I got a text last night from Cheese, my sports editor. I had sent out an e-mail to all of the staff saying that my name has changed, and so he said some sarcastic remark about me being "Ms. LaMuerta." I told him it wasn't Ms., then he of course said, "Mrs?" and I said fuck no, and he said, "Ok, then it's Miss." I gave up on his ignorance, and said, "Whatever, I'll explain later." 
I know I should probably have said something already about my sex changing as well as my name, but I think it's something that should be done in person, for some reason. I don't know, maybe not. Maybe I should have mentioned it in the e-mail, but I'm going back tomorrow, so I might as well just wait until then. 
Another issue is going to class, and having the teacher use my old name. I'm still registered under that name, because the change hasn't been completed yet. I still have like 3 weeks to wait. So, I'll have to go up to all of my teachers at the beginning of class and inform them of my new name (and probably new gender) before they take role, so I'm not made horribly uncomfortable. Again, though, the big issue is that I'm well-known at LB, being the editor-in-chief and former opinion editor, so my name and picture have been in that damn paper almost every week for the past two years. I've thought about writing a brief little explanation of my transition for the first week, but I'm still debating on that. 

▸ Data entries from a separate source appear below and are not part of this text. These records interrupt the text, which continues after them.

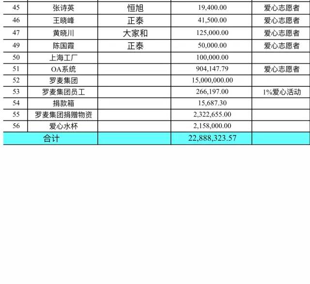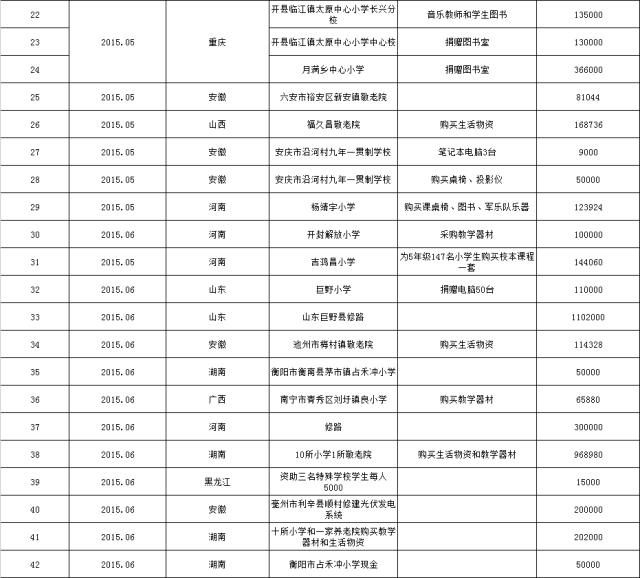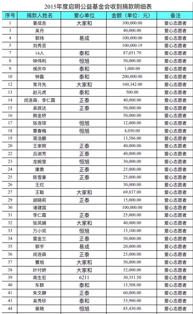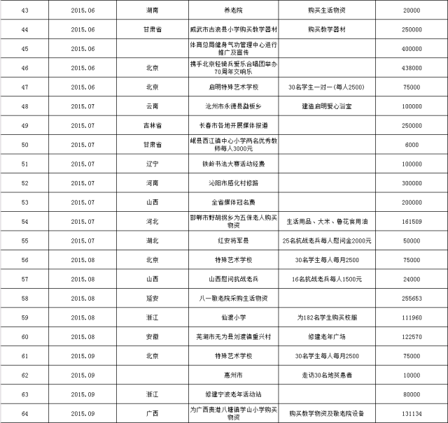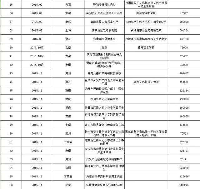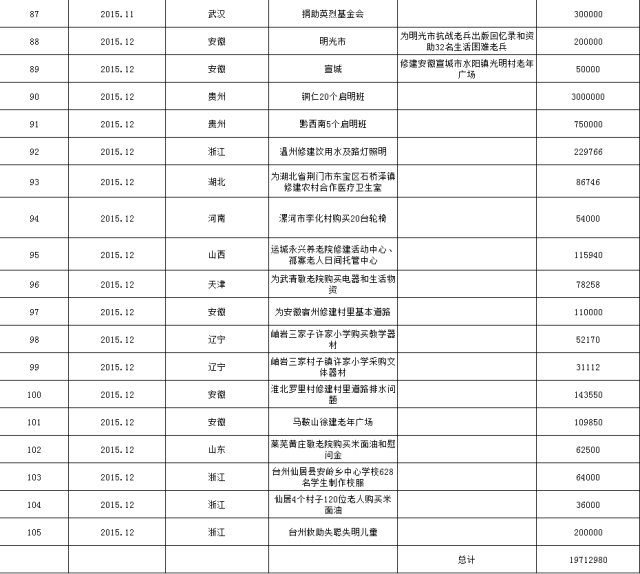 2015年年度捐贈明細——捐贈金額、受助人(單位)公示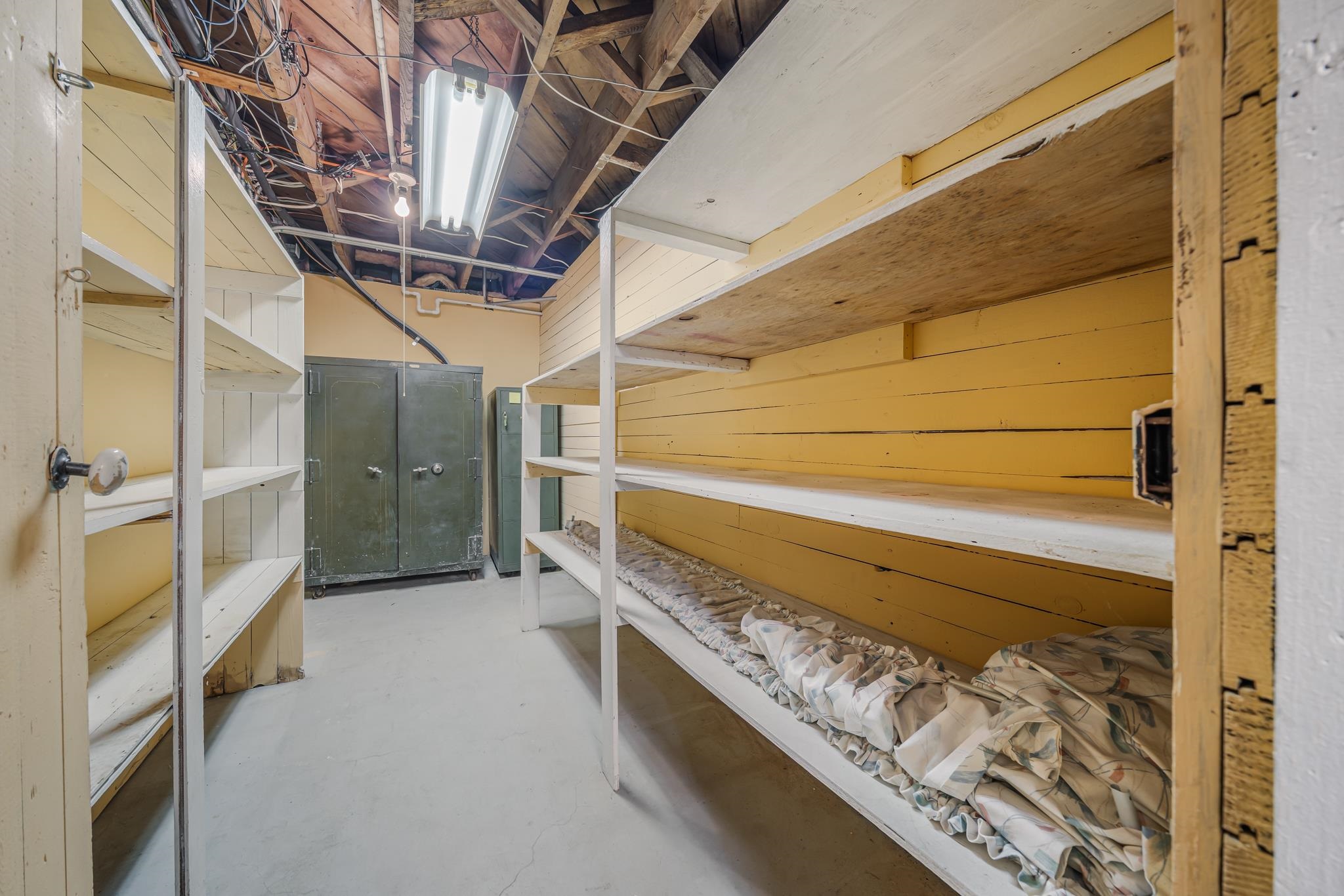 stackable washer/dryer on main levelsafe and file cabinet in basement.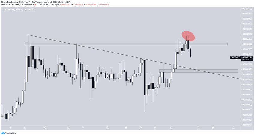 THETA/BTC próbuje znaleźć wsparcie na opadającej linii oporu, z której się wybił, a także na obszarze wsparcia przy 20 700 satoshi.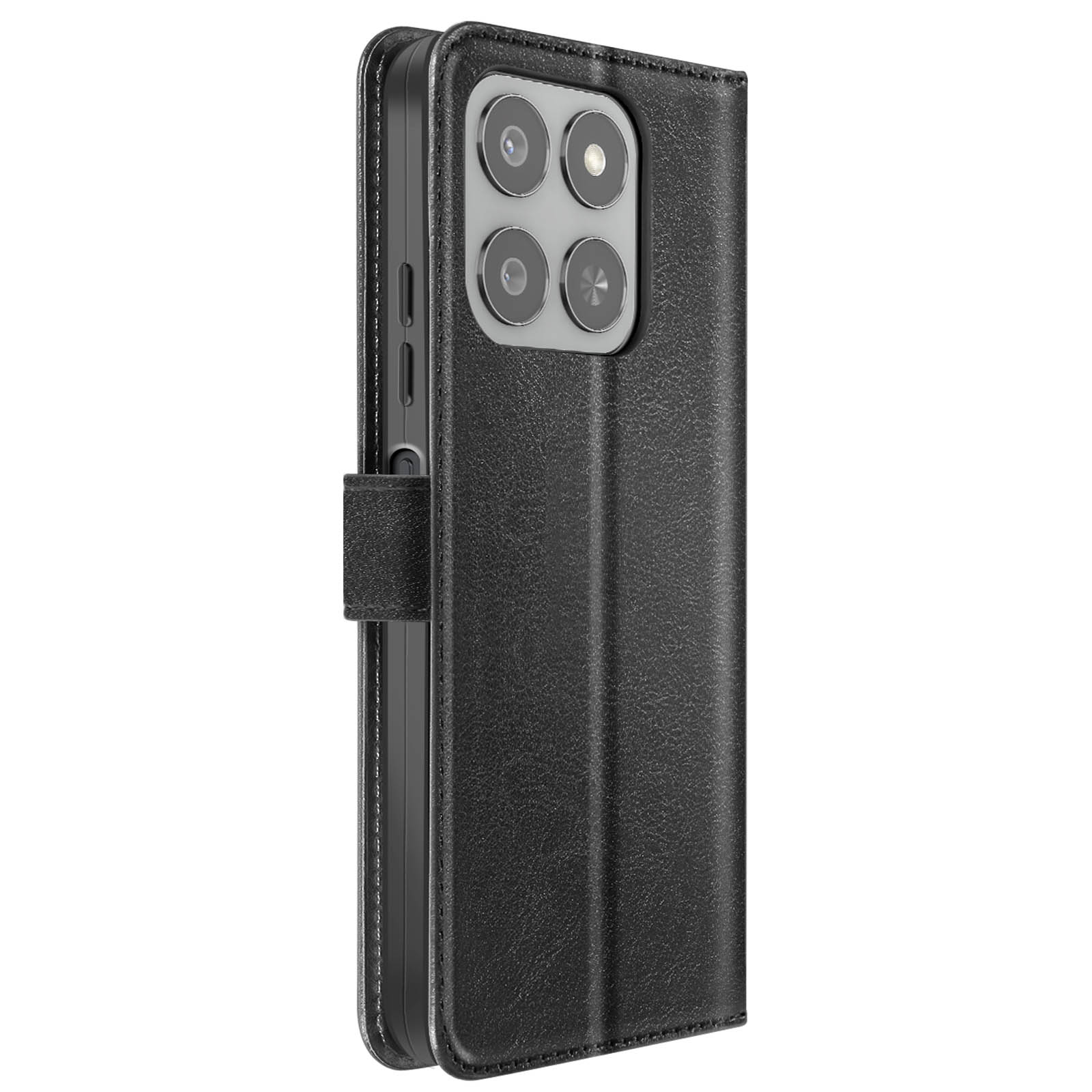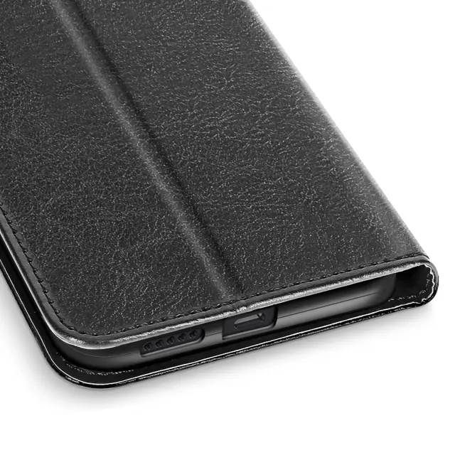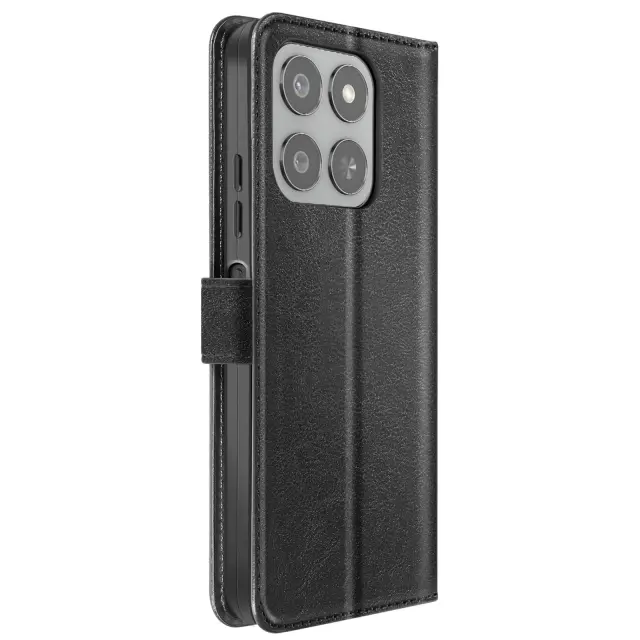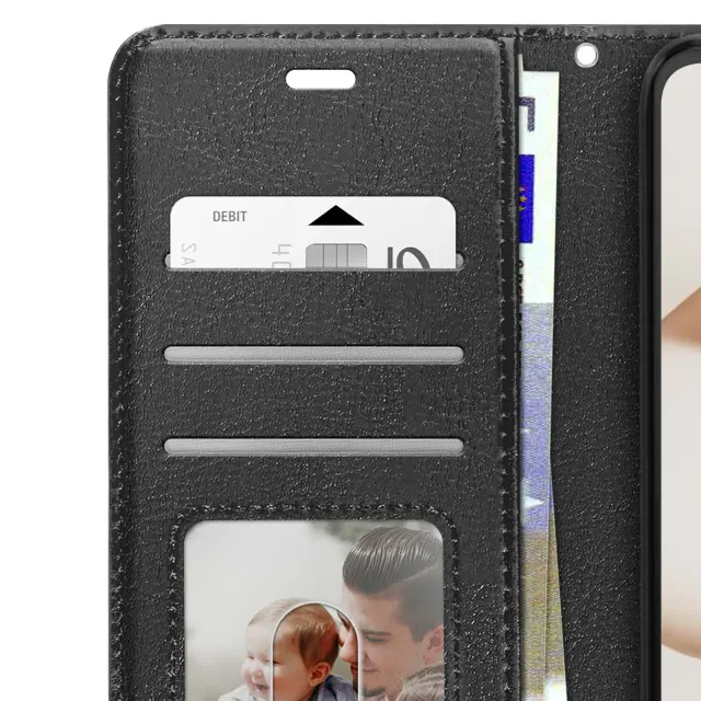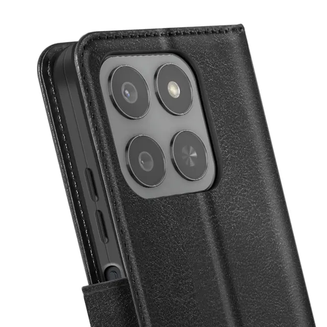 Elegantna črna prevleka z učinkom usnja, ki je prijetna v roki. Vključen je trak za roke za varen in enostaven transport. Vgrajena funkcija za podporo videa za prostoročno uporabo. Diskretni notranji predali za kartice in zapiske.

Anyway, that's what's going on right now. I'm still trying to get in to see a doctor for hormones. I did go see my new therapist on Friday, and that went well. He had a hell of a lot more information than my previous therapist who knew nothing of gender identity issues. The new guy, though he's in Portland and I have to pay out of pocket, is much more worth it, and I'm glad that I was made aware of other options. 
Other crap...well, things are going alright with my family, except they still use female pronouns and my old name. Not even Elizabeth, but my OLD fucking name that I hate, and refuse to even write here. But yeah, that needs to stop. I am Davis, I am a guy, and they need to adjust to that. But I'll give them all time. Again, I think it'll be easier when my voice starts to change and everything.